02/07/2008

Le salaire minimum dans la Constitution?

nettoyage.jpgEn Pays de Vaud, des milieux d’extrême gauche, tels qu’Attac, le POP ou encore SolidaritéS ont lancé une initiative constitutionnelle pour introduire le salaire minimal dans la Constitution vaudoise, dont la révision récente n’avait pas retenu l’idée. Qu’en sera-t-il à Genève qui élit sa Constituante le 19 octobre prochain?

C'est la lecture ce matin d'une note d'un nouveau blogueur (http://sdavid.blog.tdg.ch) qui m'inspire cette question. Nous en aborderons d'autres ces prochaines semaines. Vos contributions sont évidemment les bienvenues, soit sous forme de commentaires (en cliquant sur le mot commentaires ci-dessous) soit sous forme de note que vous pouvez m'adresser à l'adresse blog@tdg.ch

JFM

10:00 Publié dans Débats publics, Droits économiques et sociaux | Lien permanent | Commentaires (1) | |  Facebook

Commentaires

Le SMIG est une fausse bonne idée. La France et plus particulièrement la gauche française ont longtemps considéré le salaire minimum garanti (SMIG) comme une victoire alors que c'est une défaite économique pour la salariés car ce minimum a tout simplement verrouillé les salaires moyens vers le bas.
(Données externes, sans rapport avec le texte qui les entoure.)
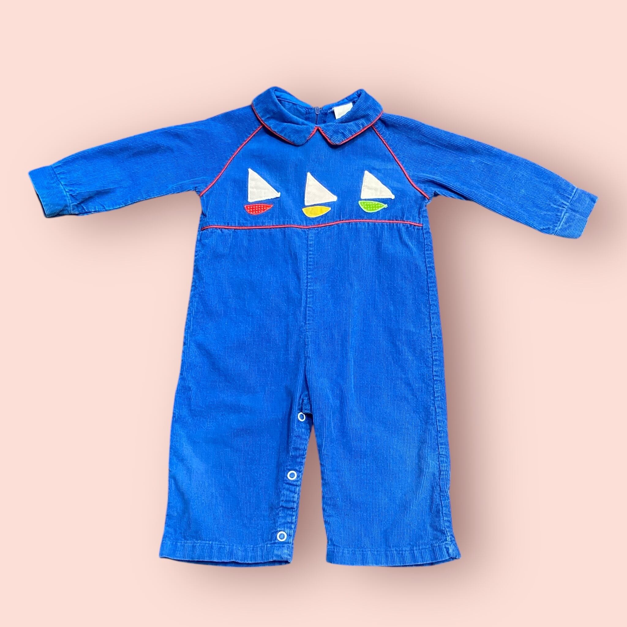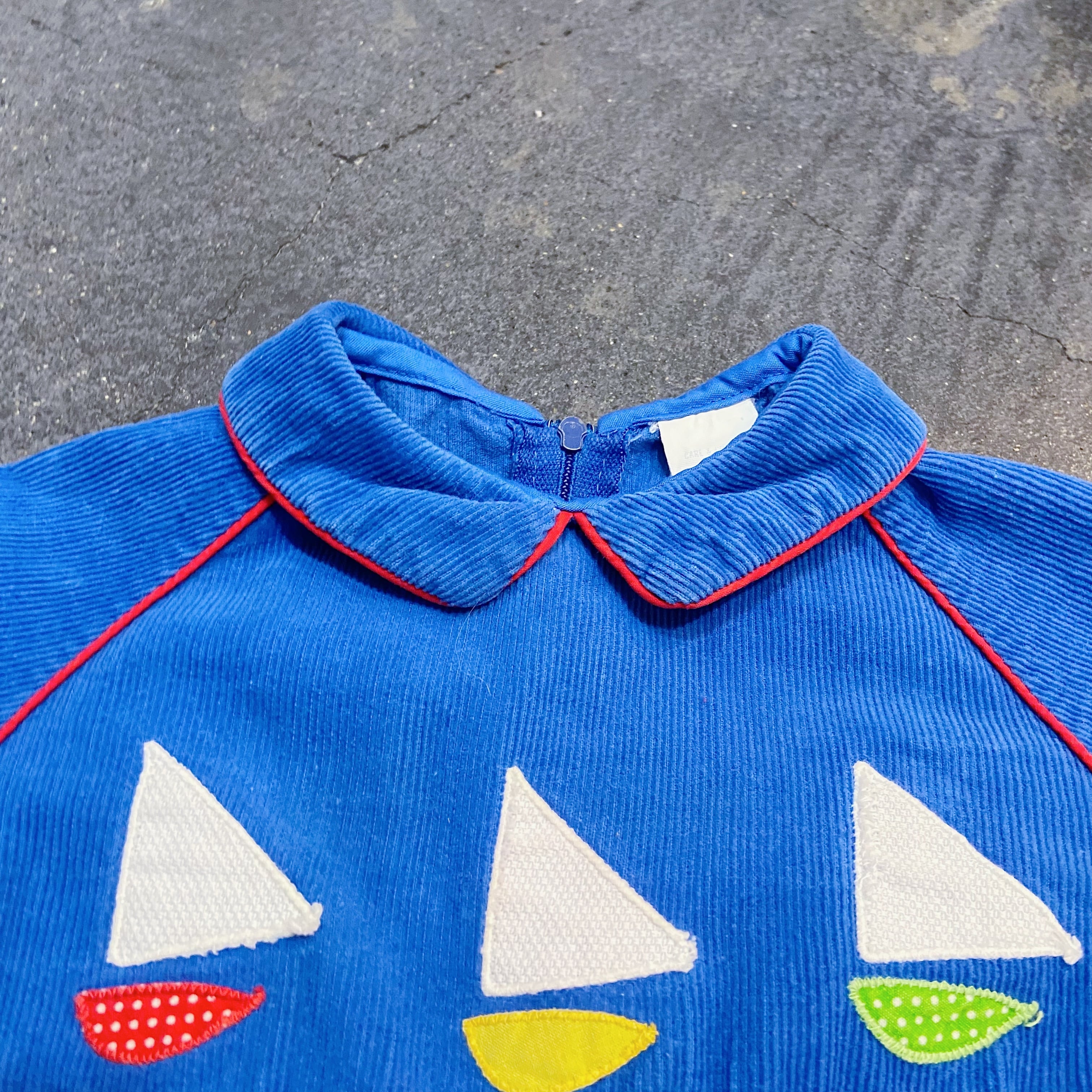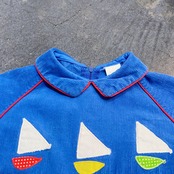 【size90】70s Blue corduroy boat patchwork jumpsuits(k128)

La Suisse connaît un régime génial qui est la paix du travail et les conventions collectives. Le principe du salaire a sa place dans la Constitution alors que sa quotité est manifestement de rang législatif et non pas constitutionnel.

C'est au monde du travail de fixer par branche ou secteur le salaire minimum.

Attention au gros piège, béant, ouvert devant les pas des Constituants, à savoir de faire du nouveau texte un nouveau foutoir.

Une Constitution n'est, ne dois pas être une loi mais le fondement qui permet aux citoyens de vivre ensemble en dépit de leurs différences.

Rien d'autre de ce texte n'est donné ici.